- **Available data**:
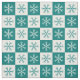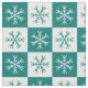 Aquamarine und weiße Schneeflocken wechseln sich auf karierten, weißen und blau-grünen Plätzen ab, um ein stilvolles geometrisches Muster zu schaffen, das sich perfekt für Weihnachten oder Winter eignet. Der Stoff ist mit Armbanduhr, Fettviertel und mit der Werft auf 7 Werkstofftypen in der Seitenleiste erhältlich.
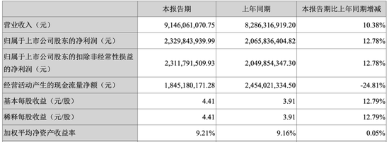 而古井贡酒一季度则实现营收91.46亿元,同比增长10.38%;实现净利润23.30亿元,同比增长12.78%;实现扣非净利润23.12亿元,同比增长12.78%。
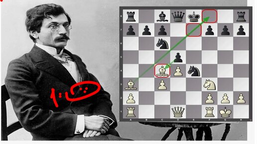 Чемпион мира по шахматам Эмануил Ласкер против Зигберта Тарраша в Берлине, 1918 - красивая победа белых в защите Тарраша, 1-0

- **Aim of the task**:
Output the line containing "而古井贡酒一季度则实现营收9" along with every line after it to the end of the material, exactly as written, but without pictures.

- **Your response**:
 而古井贡酒一季度则实现营收91.46亿元,同比增长10.38%;实现净利润23.30亿元,同比增长12.78%;实现扣非净利润23.12亿元,同比增长12.78%。
 Чемпион мира по шахматам Эмануил Ласкер против Зигберта Тарраша в Берлине, 1918 - красивая победа белых в защите Тарраша, 1-0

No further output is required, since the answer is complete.